注:spark版本2.1.1,启动模式:Standalone ,需要启动Master和Worker守护进程
一、脚本分析
start-all.sh中会直接启动start-slaves.sh
start-slaves.sh中会调用org.apache.spark.deploy.master.Worker
二、源码解析
org.apache.spark.deploy.master.Worker
1、Worker主类进入main方法,main方法主要是创建RPC环境
def main(argStrings: Array[String]) {
Thread.setDefaultUncaughtExceptionHandler(new SparkUncaughtExceptionHandler(
exitOnUncaughtException = false))
Utils.initDaemon(log)
val conf = new SparkConf
val args = new WorkerArguments(argStrings, conf)
val rpcEnv = startRpcEnvAndEndpoint(args.host, args.port, args.webUiPort, args.cores,
。。。。。。
val externalShuffleServiceEnabled = conf.getBoolean("spark.shuffle.service.enabled", false)
val sparkWorkerInstances = scala.sys.env.getOrElse("SPARK_WORKER_INSTANCES", "1").toInt
require(externalShuffleServiceEnabled == false || sparkWorkerInstances <= 1,
"Starting multiple workers on one host is failed because we may launch no more than one " +
"external shuffle service on each host, please set spark.shuffle.service.enabled to " +
"false or set SPARK_WORKER_INSTANCES to 1 to resolve the conflict.")
rpcEnv.awaitTermination()
}
同Master中一样、worker会先初始化一个RpcEnv环境,这里就不在重复可以对比上一篇博客查看RPCenv初始化流程,这里不再重复endpoint的初始化的流程
2、Worker实例化后执行Onstart()方法
override def onStart() {
assert(!registered)
logInfo("Starting Spark worker %s:%d with %d cores, %s RAM".format(
host, port, cores, Utils.megabytesToString(memory)))

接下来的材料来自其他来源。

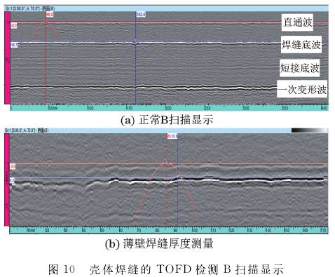 TOFD檢(jian)測流量計殼體焊(han)縫具有優勢,能有(yǒu)效地發現焊縫中(zhong)的裂紋等缺陷,此(ci)法的正常B掃描顯(xian)示具有特點,能明(míng)顯顯示焊縫的底(dǐ)波,能準确測量焊(hàn)縫的厚度,在焊縫(féng)厚度較小(如♊低于(yu)标準規定的12mm)時,焊(han)縫底波也明顯存(cun)在,但不🐅能用于缺(que)陷的檢測,TOFD檢測B掃(sǎo)描顯示如圖10所示(shi)
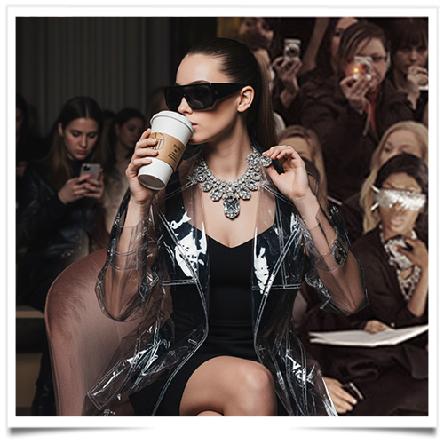 Assise à côté de moi, à la collection de Valentino, elle arriva avec son café cappuccino, qui coûte le prix d’un sac Zara édition limitée, qu’elle sirotait, et me dit, en montrant le gobelet, un matcha sans matcha (concept expérimental du moment). Pour lire plus cliquer ici

logInfo(s"Running Spark version ${org.apache.spark.SPARK_VERSION}")
logInfo("Spark home: " + sparkHome)
// 创建worker工作目录
createWorkDir()
shuffleService.startIfEnabled()
// 创建workerWebUI,并绑定
webUi = new WorkerWebUI(this, workDir, webUiPort)
webUi.bind()
workerWebUiUrl = s"http://$publicAddress:${webUi.boundPort}"
// 重点! 向master注册
registerWithMaster()
// metricsSystem指标度量系统注册资源
metricsSystem.registerSource(workerSource)
// 开启metricsSystem指标度量系统
metricsSystem.start()
// Attach the worker metrics servlet handler to the web ui after the metrics system is started.
metricsSystem.getServletHandlers.foreach(webUi.attachHandler)
}
三、总结
这里只写worker在初始化rpcEnv之后,Worker被实例化的工作
1、创建worker工作目录
2、启动服务
startExternalShuffleService()==>
/** Start the external shuffle service */
def start() {
require(server == null, "Shuffle server already started")

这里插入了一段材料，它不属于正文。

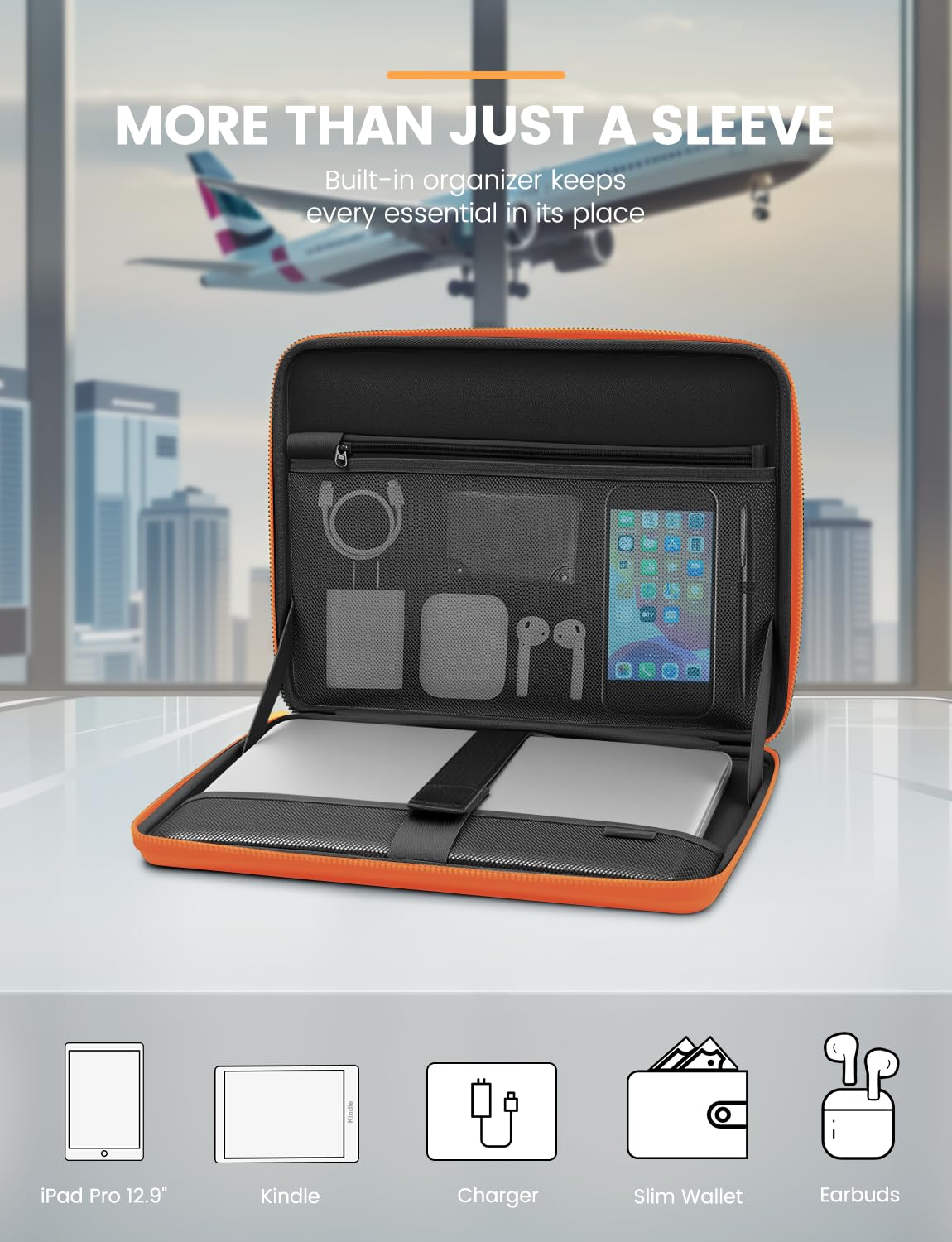 Multi-Functional Inner Pocket : With a built-in zippered compartment, these laptop sleeves keep your charger, phone, cables, and pens neatly in place. No more tangled wires or forgotten accessories. It's the small convenience that matters—especially when you’re dashing through terminals or working from anywhere with this macbook sleeve.

val authEnabled = securityManager.isAuthenticationEnabled()
logInfo(s"Starting shuffle service on port $port (auth enabled = $authEnabled)")
val bootstraps: Seq[TransportServerBootstrap] =
if (authEnabled) {
Seq(new AuthServerBootstrap(transportConf, securityManager))
} else {
Nil
}
server = transportContext.createServer(port, bootstraps.asJava)

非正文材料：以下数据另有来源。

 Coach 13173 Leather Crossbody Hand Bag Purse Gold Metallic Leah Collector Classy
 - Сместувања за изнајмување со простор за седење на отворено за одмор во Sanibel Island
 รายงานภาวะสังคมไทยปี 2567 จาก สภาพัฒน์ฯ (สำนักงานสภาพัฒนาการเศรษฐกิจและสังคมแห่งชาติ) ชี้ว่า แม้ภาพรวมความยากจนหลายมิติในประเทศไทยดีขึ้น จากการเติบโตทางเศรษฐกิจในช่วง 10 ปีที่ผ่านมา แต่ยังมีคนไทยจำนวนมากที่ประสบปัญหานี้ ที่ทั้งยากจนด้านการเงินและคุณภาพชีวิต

shuffleServiceSource.registerMetricSet(server.getAllMetrics)
shuffleServiceSource.registerMetricSet(blockHandler.getAllMetrics)
masterMetricsSystem.registerSource(shuffleServiceSource)
masterMetricsSystem.start()
}
3、绑定worker web ui地址
webUi = new WorkerWebUI(this, workDir, webUiPort)
webUi.bind()
4、registerWithMaster()方法向master注册(Master收到会匹配类型回复)
tryRegisterAllMasters中,创建了一个注册的线程池,因为向master注册是一个阻塞的操作,所以这个线程池必须要满足master rpc地址同时请求的最大数
接下来调用sendRegisterMessageToMaster方法:用于worker端与master进行通信,向master发送注册信息
Worker
registerWithMaster()==>
tryRegisterAllMasters()==>
sendRegisterMessageToMaster(masterEndpoint)==>
private def sendRegisterMessageToMaster(masterEndpoint: RpcEndpointRef): Unit = {
masterEndpoint.send(RegisterWorker(
workerId,//当前Worker的标识ID
host,//节点
port,//端口
self,//当前的RpcEndpointRef
cores,//CPU数
memory,//内存大小
workerWebUiUrl,//Worker Web UI地址
masterEndpoint.address))
}
5、Master匹配消息类型后回复,Master会给Worker返回一个消息msg,告诉Worker注册的结果是成功 or 失败
override def receive: PartialFunction[Any, Unit] = {
......
case RegisterWorker(
id, workerHost, workerPort, workerRef, cores, memory, workerWebUiUrl, masterAddress) =>
logInfo("Registering worker %s:%d with %d cores, %s RAM".format(
workerHost, workerPort, cores, Utils.megabytesToString(memory)))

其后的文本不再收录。